- Il mio ragazzo, ancora scosso mi ha scritto che camminando da viale Tunisia a Lima, zona porta Venezia a Milano nel corso di 500 metri l’hanno chiamato frocio tre volte.
- Neanche a farlo apposta qualche giorno prima un saggio dell’aria che tira l’avevo avuto io.
- Non c’è bisogno di “vestirsi da donna”, “esagerare”: possono bastare un paio di pantaloni di una stoffa non inclusa nel campionario permesso dalla partitura di genere, e quello che può accadere, da lì in poi, non si sa.
Vivo a Milano e l’altro ieri, orario di pranzo, stavo per entrare a mangiare in un ristorante con una docente di Venezia per discutere di un incontro futuro.
Lo schermo del telefono mi si è illuminato: una notifica, un messaggio del mio ragazzo, che avevo appena salutato due vie più in là. Ancora scosso mi ha scritto che camminando da viale Tunisia a Lima, zona porta Venezia, una fermata di metropolitana, nel corso di 500 metri l’hanno chiamato frocio tre volte. Un gruppo di muratori, un clochard rumeno che l’ha insultato nella sua lingua – il mio ragazzo è nato in Romania – e un italiano cinquantenne in giacca e cravatta. Il mio ragazzo indossava dei jeans strappati sulle ginocchia e degli stivaletti a punta. È alto e magro, non cerca di imitare modelli e modi virili che non gli appartengono.
Neanche a farlo apposta qualche giorno prima un saggio dell’aria che tira l’avevo avuto io: preparandomi per una presentazione al Festival Mix (dedicato al cinema Lgbt) in zona Lanza, ho indossato dei pantaloni cangianti, qualcuno direbbe appariscenti – io penso fossero solo molti belli. Sono andato al festival coi mezzi: autobus, metro, alcuni brevi tratti a piedi.
Uscito di casa ho pensato che avrei fatto meglio a chiamare un taxi, perché sapevo, ormai so cosa succede – occhi spalancati, gente che si dà di gomito, risate. Se ti va male arriva appunto l’insulto, se sei molto sfortunato (mi è, ci è capitato) arrivi a fare la conoscenza del corpo, delle mani del normalizzatore di turno. Sfiga enorme se poi incroci i gruppi, di maschi, ma anche misti, perché il binarismo è un sistema condiviso e uniforme.

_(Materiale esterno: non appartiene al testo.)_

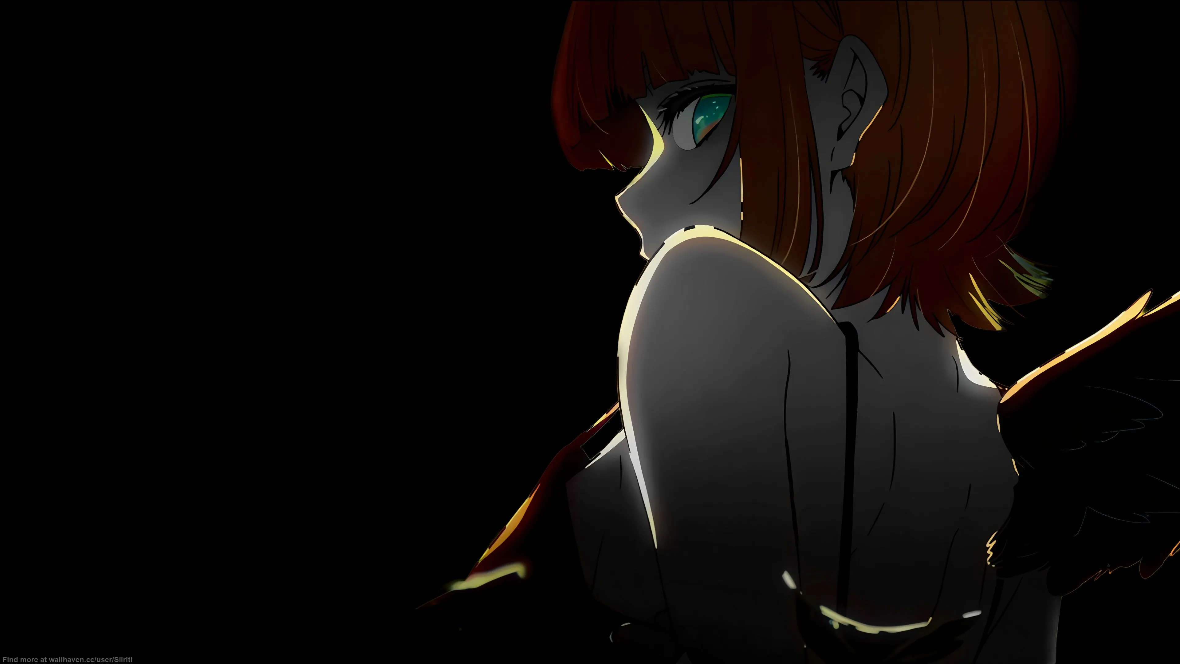 Black background, monochrome, anime girl, simple background, minimalist, turn back, look back, 4K wallpaper

Non c’è bisogno di “vestirsi da donna”, “esagerare”: possono bastare un paio di pantaloni di una stoffa non inclusa nel campionario permesso dalla partitura di genere, e quello che può accadere, da lì in poi, non si sa. E attenzione: non è qualcosa che riguarda esclusivamente le periferie, il degrado, o solo il passato. La cultura omotransfobica è rigogliosa e trasversale, gode di ottima salute. E quelli più riconoscibili – coraggiosi, liberi, ingenui – fungono ancora oggi, pure a Milano centro, da bersagli mobili.
Nelle strade vige la legge del più forte, i corpi dei non allineati sono esposti ai sinistri di un sistema che si ritrova ovunque. Ancora oggi, Milano, 2020, se la tua dissidenza all’eteronormatività è evidente, devi sperare di avere fortuna.
Le cronache delle ultime settimane rendono evidente quanto sia importante che si arrivi in fretta a una (solida) legge contro l’omotransfobia e la misoginia: un provvedimento certo non risolutivo, ma che ponga almeno i presupposti per lavorare a una ristrutturazione culturale e emotiva del nostro Paese. Magari riuscendo prima o poi a raggiungere anche le scuole, roccaforti della tradizione, rese intoccabili dalle resistenze di tutte quelle famiglie (la maggior parte) che vedono ancora nell’educazione di genere e affettiva una minaccia all’integrità fisica e mentale dei figli, uno strumento di corruzione.
Sbaglia chi pensa che i tempi oggi siano cambiati, che l’oppressione delle diversità sia tramontata: è che, mediaticamente, ci si accorge solo dei picchi, delle detonazioni, delle grandi tragedie, ma tutti noi irregolari garantiamo che siamo in molti a vivere cose come quelle che ho raccontato in queste righe: solo che siamo abituati a tenercele per noi, siamo abituati ad aumentare il passo, ad aspettare che smettano.